Lo a salvo o insalvo se da, en definitiva, no tanto por tal o cual conducta, sino
en razón de relación, en razón de distancia (cercanía o lejura). Es iluminado no quien se
las ingenia en alumbrar sino quien se mantiene cerca de la lumbre. Por eso —como
hemos comentado con recurrencia— más que un hijo pródigo, el drama en cuestión es
el de un hijo prófugo. Fugarse lejos del Salvador nos hace desgraciados “asotos”,
insalvos.

El segundo término es una perla preciosa; de esas que vale guardar solas, sobre
negrísimo terciopelo y contemplarla ahí, reluciente, mil veces…

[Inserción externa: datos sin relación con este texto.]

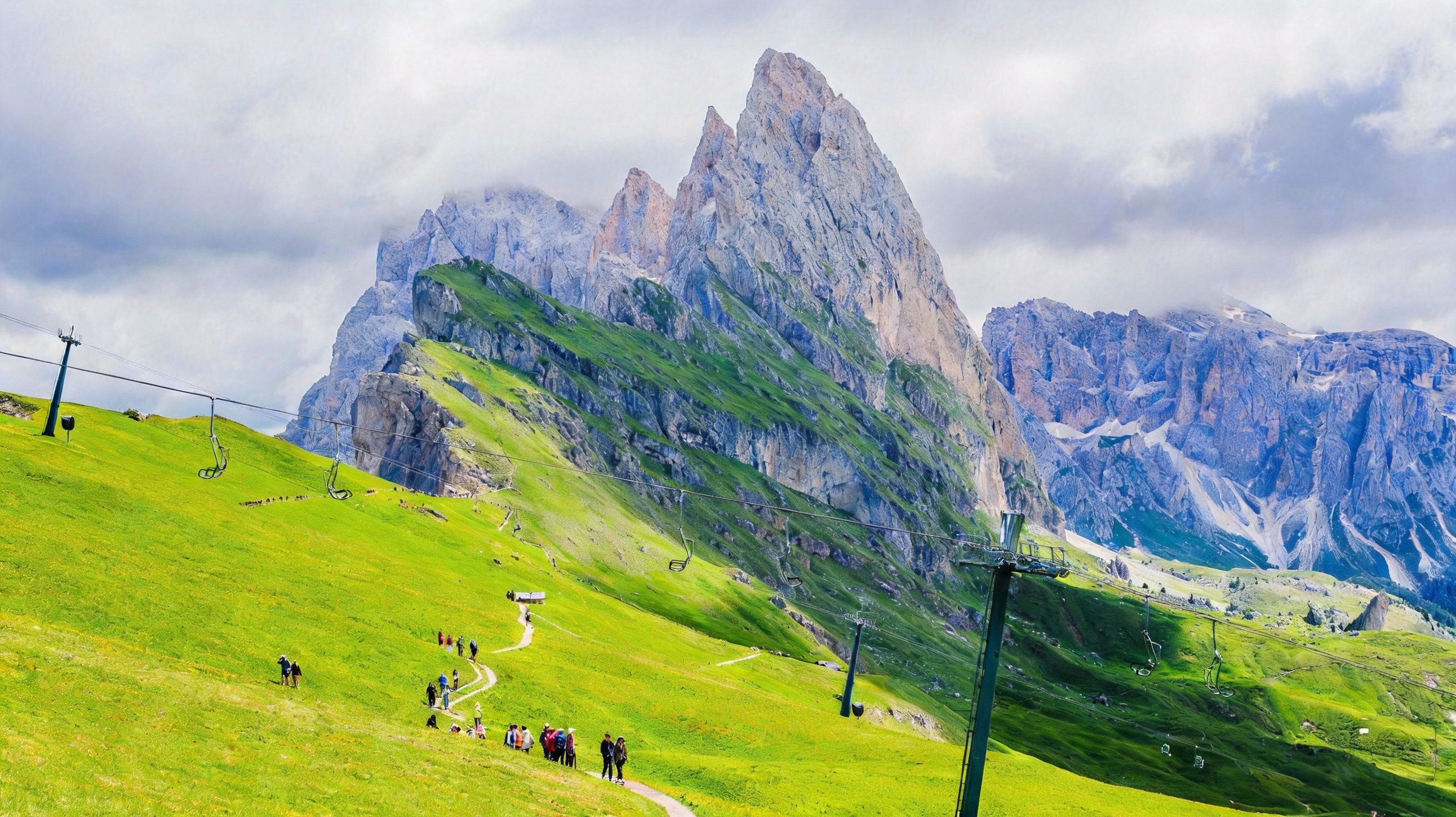 ไฮไลต์ของ Seceda คือแนวหน้าผาหินที่สูงชันและยอดเขาทรงแหลมเรียงตัวกันอย่างดุดัน แต่กลับสวยราวฉากในหนังแฟนตาซี เมื่อมองจากมุมสูงจะเห็นแนวเขาพุ่งเฉียงขึ้นชนท้องฟ้าแบบมีมิติสุดๆ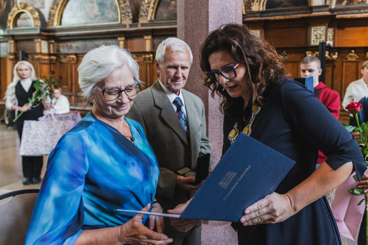 Gdańsk. Dwór Artusa. Jubileusz Par Małżeńskich - Złote Gody, podczas których Prezydent Gdańska Aleksandra Dulkiewicz wręczyła medale za długoletnie pożycie małżeńskie.

No hay mucho más cristianismo fuera de este neologismo lucano, fundante de


la vera Religión: katefílesen; que es un reduplicativo del verbo besar. Es recontrabesar.
Tras correr, tras colgársele del cuello, lo recontrabesa. No solemos hacer eso los padres.
Ni los según la carne, ni los espirituales. Entendemos que el perdón es esencial a
nuestro Credo, incluso entendido en todo su “setenta veces siete”. Pero que el hijo debe
entender también la gravedad de su error para evitar reincidencias. A lo más, solemos
arrojar un: “está bien; borrón y cuenta nueva; demos vuelta la hoja.” El Padre de la
Parábola no quiere hacer eso. Es ésta la mejor página del vínculo: ¡darla vuelta sería
como adelantar una película en su escena más intensa y bella! La vida cristiana no
comienza al día siguiente de este beso: la vida cristiana vive de este beso.

Ese beso tan especial —el recontrabeso— es un beso generativo. O mejor aún:
regenerativo. Toda la herencia perdida, como en una implosión galáctica, es
reabsorbida, rejuntada, restablecida en un mágico Génesis. La Creatio ex nihilo da paso
a la Re-creatio ex amore. La Boca de Dios dice haya vestido y hubo vestido; haya anillo
y hubo anillo; haya calzado y lo hubo. Y vio Dios que era bueno. Y fue ese el Octavo
día.

Y nos queda el tercer término: “mosjon”, novillo, becerro. Sustantivo que


admite un verbo (mosjopoieo), por aquellos judíos que hicieron, fabricaron un becerro
(de metal). Dios también sabe de mosjopóiesis. Crea uno antes de la creación del
mundo, como nos avisa misteriosamente san Pedro en su Carta. Y este Cordero festivo
es el verdadero protagonista de todo el relato. No sólo una suerte de broche final.
Ya que “venimos del futuro”, toda la Parábola hay que atreverse a leerla en su
curso invertido (del versículo 31 al 11) y entender entonces varias cosas: que es este
Cordero “el primero en todo”. Es la prolepsis con que ocurre la economía salvífica:
porque como el Cordero de Dios, puedo entrar dentro de mí, puedo aborrecer de las
bellotas, puedo no echarme a morir debajo de la retama de Elías, y hasta puedo —oh
Misterio— alejarme de la Casa paterna y descubrirme insalvo.

Que el Cordero y el Beso nos revistan de la Salvación.